It's entirely possible that you'll now do *less* useful work, even
though you specifically set out to vacuum more aggressively! This is
due to the way the GUCs interact with each other, of course: the more
often VACUUM runs, the less likely it is that it'll find XIDs before
vacuum_freeze_min_age to trigger freezing during any individual VACUUM
operation, the less useful work you'll do (you'll just accumulate
unfrozen all-visible pages until you finally have an aggressive
VACUUM).

This is exactly as illogical as it sounds. Postgres 16 will be the
first version that even shows instrumentation around freezing at all
in the log reports from autovacuum. This will be a real eye-opener, I
suspect -- I predict that people will be surprised at how freezing
works with their workload, when they finally have the opportunity to
see it for themselves.

> Owing to the lingering belief that many users have whereby hosting providers
> have magically enabled Postgres to do all of this for you, there is
> still a need to
> actively deal with these thresholds based on load. That is, as far as
> I understand,
> Postgres doesn't automatically adjust based on load. Someone/thing
> still has to modify
> the thresholds as load and data size changes.

Well, vacuum_freeze_min_age (anything based on XID age) runs into the
following problem: what is the relationship between XID age, and
freezing work? This is a question whose answer is much too
complicated, suggesting that it's just the wrong question. There is
absolutely no reason to expect a linear relationship (or anything like
it) between XIDs consumed and WAL required to freeze rows from those
XIDs. It's a totally chaotic thing.

The reason for this is: of course it is, why wouldn't it be? On Monday
you'll do a bulk load, and 1 XID will write 1TB to one table. On
Tuesday, there might be only one row per XID consumed, with millions
and millions of rows inserted. This is 100% common sense, and yet is
kinda at odds with the whole idea of basing the decision to freeze on
age (as if vacuum_freeze_min_age didn't have enough problems
already!).

For now, I think our best bet is to signal the importance of avoiding
disaster to intermediate users, and signal the importance of iterative
tuning to advanced users.

> If the "workload requirements" is pointing towards aggressive
> freezing/wraparound
> tasks that happen regardless of thresholds, then for me at least that
> isn't clear
> in that sentence and it feels like there's an implication that
> Postgres/autovacuum
> is going to magically adjust overall vacuum work based on database workload.

That's a good point.

> 2) "The intended audience is database administrators that wish to
> perform more advanced
> autovacuum tuning, with any of the following goals in mind:"
>
> I love calling out the audience in some way. That's really helpful, as are the
> stated goals in the bullet list. However, as someone feeling pretty novice
> after reading all of this, I can't honestly connect how the content on this page
> helps me to more advanced tuning.

You're right to point that out; the actual content here was written
half-heartedly, in part because it depends on the dead-tuple-space
patch, which is not my focus at all right now.
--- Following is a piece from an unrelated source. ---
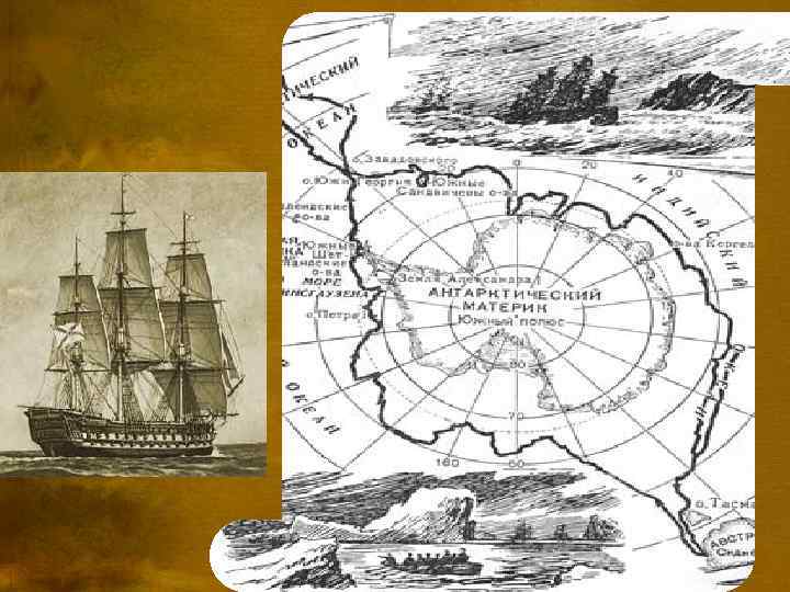 Второе кругосветное плавание 1819— 1821. Возглавил Фадей Фадеевич Беллинсгаузен. Выйдя 4 июня 1819 из В 1819— 1821 был В марте 1820 шлюпы разделились Поход экспедиции Беллинсгаузена по и пошли в Австралию (порт Кронштадта, экспедиция начальником кругосветной справедливости считается одним из самых важных и трудных, когда-либо Джексон, ныне Сидней) по прибыла 2 ноября в Рио-деантарктической экспедиции, Именем Беллинсгаузена названы: совершенных. Знаменитый Кук в 70 -х пространству Индийского и Южного Жанейро. Оттуда отправленной в годах XVIII века первый достиг Море Беллинсгаузена в Тихом океанов (55° шир. и 9° долг. ), ещё Беллинсгаузен сперва южнополярные моря. Она южнополярных морей и, встретив в океане, никем до того не посещённым. Из нескольких местах сплошной лёд, направился прямо на юг. В мыс на Сахалине состояла из шлюпов «Восток» Австралии экспедиция отправилась объявил, что далее его невозможно остров в архипелаге Туамоту, в Тихий океан, открыла несколько 1820 экспедиция открыла и «Мирный» . проникнуть на юг. Ему поверили, и 45 острова Фаддея и залив Фаддея островов и атоллов. Антарктиду. лет не было южнополярных экспедиций. в море Лаптевых, Беллингсгаузен доказал неверность ледник Беллинсгаузена, этого мнения и сделал чрезвычайно лунный кратер много для исследования научная полярная станция южнополярных стран посреди постоянных трудов и опасностей, на Беллинсгаузен в Антарктиде. двух небольших парусных судах, не приспособленных для плавания во льдах.

Here is what I'd like the message to be, roughly:

1. This isn't something that you read once. You read it in small
bites. You come back to it from time to time (or you will if you need
to).

At one point Samay said: "I'll give my perspective as someone who has
not read the vacuum code but have learnt most of what I know about
autovacuum / vacuuming by reading the "Routine Vacuuming" page 10s of
times". I fully expect that a minority of users will want to do the
same with these revised docs. The content is very much not supposed to
be read through in one sitting (not if you expect to get any value out
of it). It is very calorie dense, and I don't think that that's really
a problem to be solved.

You have a much better chance of getting value out of it if you as a
user refer back to it as problems emerge. Some things may only click
after the second or third read, based on the experience of trying to
put something else into action in production.

2. If you don't like that it's calorie dense, then that's probably
okay -- just don't read past the parts that seem useful.

3. There are one or two exceptions (e.g., the "Tip" about freezing for
append-only tables), but overall there isn't going to be a simple
formula to follow -- the closest thing might be "don't bother doing
anything until it proves necessary".

This is because too much depends on individual workload requirements.
It is also partly due to it just being really hard to tune things like
vacuum_freeze_min_age very well right now.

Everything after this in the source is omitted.